> _AIM OF THE EXERCISE_
Wherever an image appears in the data, omit it and copy all the remaining text word for word.

> _ENTRIES SUPPLIED_
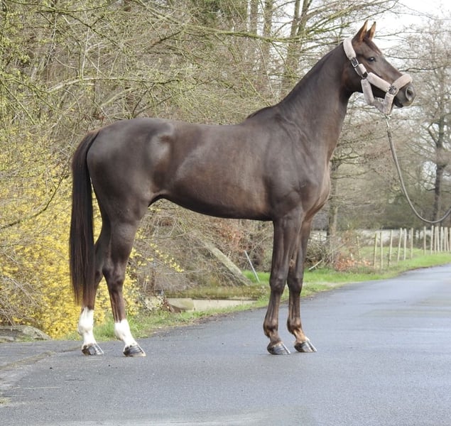 ❗️ En raison de la charge de travail importante, nous vous prions de privilégier les demandes par téléphone. ❗️ Nous proposons à la vente une jument baie de 3 ans, mesurant actuellement environ 1,65 m. La jument possède un caractère très doux et exemplaire, et provient d’un élevage de qualité. Elle est déjà légèrement mise en longe et connaît la selle ainsi que la bride. Aucun travail supplémentaire n’a encore été demandé d’en raison de son jeune âge. En raison d’un manque de capacités pour la formation, nous avons décidé de la vendre. La jument a grandi dans un groupe mixte et est très sociable. Sans contact téléphonique préalable, nous n’enverrons pas de vidéos de nos chevaux, merci de ne pas faire de demandes de « vidéo » sans cela. Les visites sont possibles à tout moment. Pour toute question, n’hésitez pas à nous contacter par téléphone au 0171 530 33 40. Tous les droits sur les images appartiennent à Sport- und Freizeitpferde Wilfried Oestersandforth. Toute diffusion ou publication est strictement interdite.
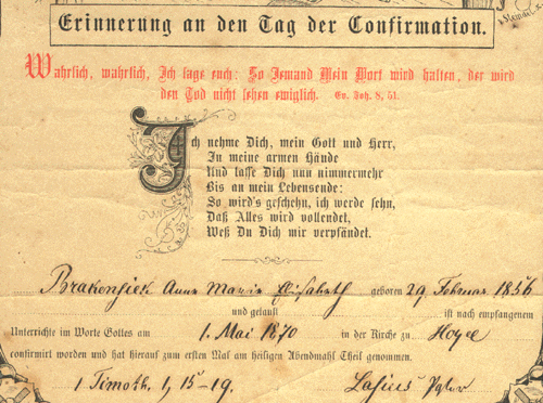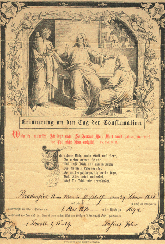 Certificates of Anna Maria Elisabeth "Catherine" Aufder Masch
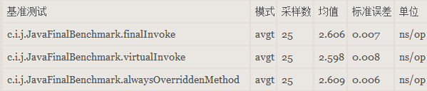 这些基准测试的源代码在GitHub上有。我没有把结果都放到起以免产生混淆。多态的基准测试是运行PolymorphicBenchmark的结果,而其它的是运行JavaFinalBenchmark的结果。
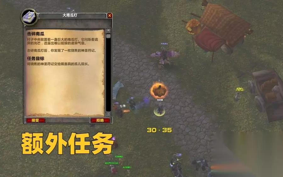 BOSS倒下之后,地上会出现一个南瓜,点击之后就可以获得后续任务,然后去血色修道院就可以额外召唤一次无头骑士,不过一个角色只有一次机会,去年做过的今年也不能做了,不知道是不是BUG导致的。 第八个成就是《狼吞虎咽》,开糖果包的时候可以获得奶糖,一直点一直吃,吃到吐即可。第九个成就是《不给糖果就捣乱》,在旅馆拿一次糖果包即可。第十个成就则是去击杀无头骑士,组队去血色召唤就行了。
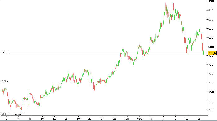 800 waren innerhalb kürzester Zeit durch. Nun wird an der 790er Marke gekämpft. Fällt auch diese nachhaltig, so könnte es doch gegen 760 oder gar 730 gehen IMO ![]()

> _EXERCISE SOLUTION_
 ❗️ En raison de la charge de travail importante, nous vous prions de privilégier les demandes par téléphone. ❗️ Nous proposons à la vente une jument baie de 3 ans, mesurant actuellement environ 1,65 m. La jument possède un caractère très doux et exemplaire, et provient d’un élevage de qualité. Elle est déjà légèrement mise en longe et connaît la selle ainsi que la bride. Aucun travail supplémentaire n’a encore été demandé d’en raison de son jeune âge. En raison d’un manque de capacités pour la formation, nous avons décidé de la vendre. La jument a grandi dans un groupe mixte et est très sociable. Sans contact téléphonique préalable, nous n’enverrons pas de vidéos de nos chevaux, merci de ne pas faire de demandes de « vidéo » sans cela. Les visites sont possibles à tout moment. Pour toute question, n’hésitez pas à nous contacter par téléphone au 0171 530 33 40. Tous les droits sur les images appartiennent à Sport- und Freizeitpferde Wilfried Oestersandforth. Toute diffusion ou publication est strictement interdite.
 Certificates of Anna Maria Elisabeth "Catherine" Aufder Masch
 这些基准测试的源代码在GitHub上有。我没有把结果都放到起以免产生混淆。多态的基准测试是运行PolymorphicBenchmark的结果,而其它的是运行JavaFinalBenchmark的结果。
 BOSS倒下之后,地上会出现一个南瓜,点击之后就可以获得后续任务,然后去血色修道院就可以额外召唤一次无头骑士,不过一个角色只有一次机会,去年做过的今年也不能做了,不知道是不是BUG导致的。 第八个成就是《狼吞虎咽》,开糖果包的时候可以获得奶糖,一直点一直吃,吃到吐即可。第九个成就是《不给糖果就捣乱》,在旅馆拿一次糖果包即可。第十个成就则是去击杀无头骑士,组队去血色召唤就行了。
 800 waren innerhalb kürzester Zeit durch. Nun wird an der 790er Marke gekämpft. Fällt auch diese nachhaltig, so könnte es doch gegen 760 oder gar 730 gehen IMO ![]()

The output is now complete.